In his first pastoral letter he alludes to the appointment of a coadjutor, a precaution justified by age, infirmity, and the necessity of securing a successor. Bishop Jean-François Hubert, who was a missioner at Notre-Dame-de l’Assomption near Detroit at the time, was nominated coadjutor that same year, but the approval of the British Government was withheld till 1786.

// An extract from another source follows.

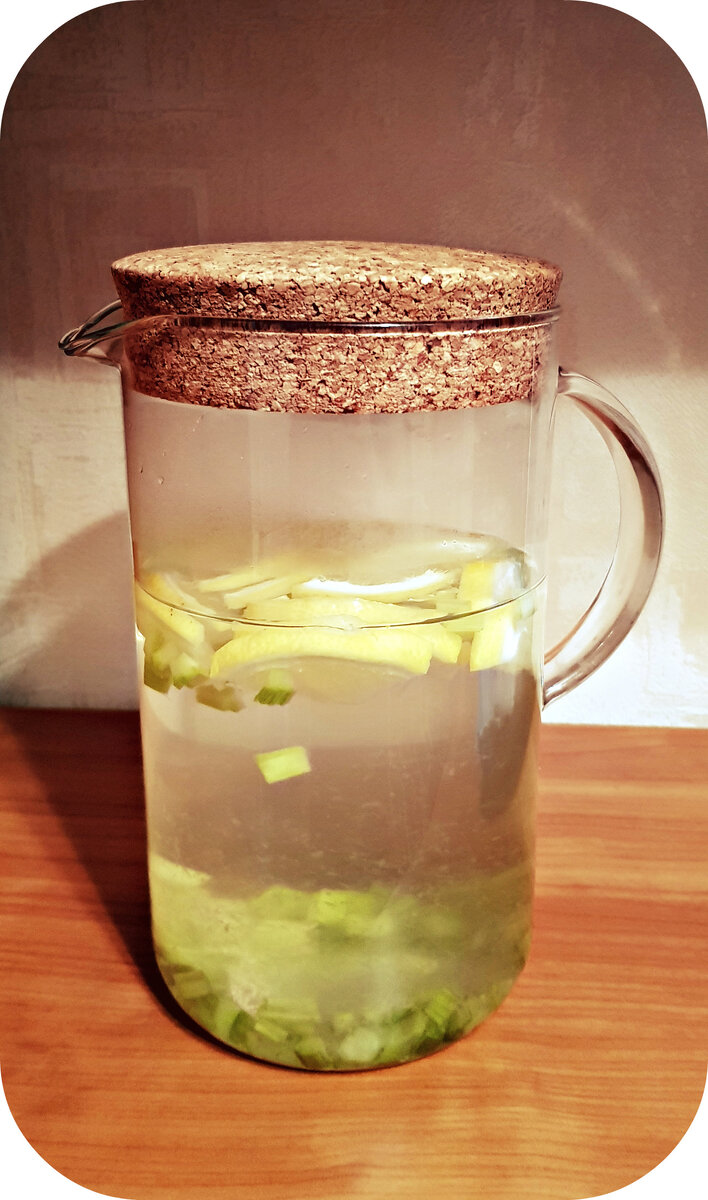 Всем бон жур! Вода это жизнь! она неотъемлемая часть нашей повседневный жизни. Но к сожалению, мы употребляем не достаточно воды, заменяем её соками и газировками. Поэтому, я, для вас нашел отличный рецепт, освежающего напитка, где 100% вода! Ингредиенты: Нарезаем половинками лимон, затем мелко режим сельдерей и хорошо всё промываем. Потом всё выкладываем в графин и заливаем кипятком. Можно ещё добавит аскорбинку, не повредит. И оставляем охлаждаться. Вот и всё, наш напиток готов! Всем приятного аппетита! Bon appetit! Спасибо, что зашли ко мне!) Если вам понравился рецепт, подпишитесь на мой канал НЯМ-НЯМ и оставляйте ваши комментарии, ну, а если нет, то всё равно оставляйте комментарии))
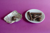 Ciasteczka i papierowa torba na czarnym stole. Pyszne słodycze z dżemem owocowym wyciek z opakowania papieru. Wyroby cukiernicze.

The main question that concerned him was the lack of priests. Bishop d'Esglis tried unsuccessfully to supply the dearth of clergy by obtaining priests from France. The British Government preferred the emigration of priests for the settlements in Upper Canada and the Maritime Provinces. Pending the arrival of a missionary for the Acadians, a layman was authorized to baptize and witness marriage contracts. Acadians settled in the maritime provinces and confirmed Joseph-Mathurin Bourg as Vicar-General for that area. Fathers Girouard, Le Roux, and Donat, of the congregation of the Holy Ghost served there, while the Irish and Scotch Catholics of the same region were attended by the Abbé Phelan and Capuchin James Jones, who resided at Halifax. Bishop John Butler of Cork sent some priests, recruited by the Irish Father Thomas Hussey, representative of the Diocese of Quebec in London. In 1787, Bishop d'Esglis issued a pastoral letter to all the faithful of the lower provinces, exhorting them to union and steadfastness in the Faith.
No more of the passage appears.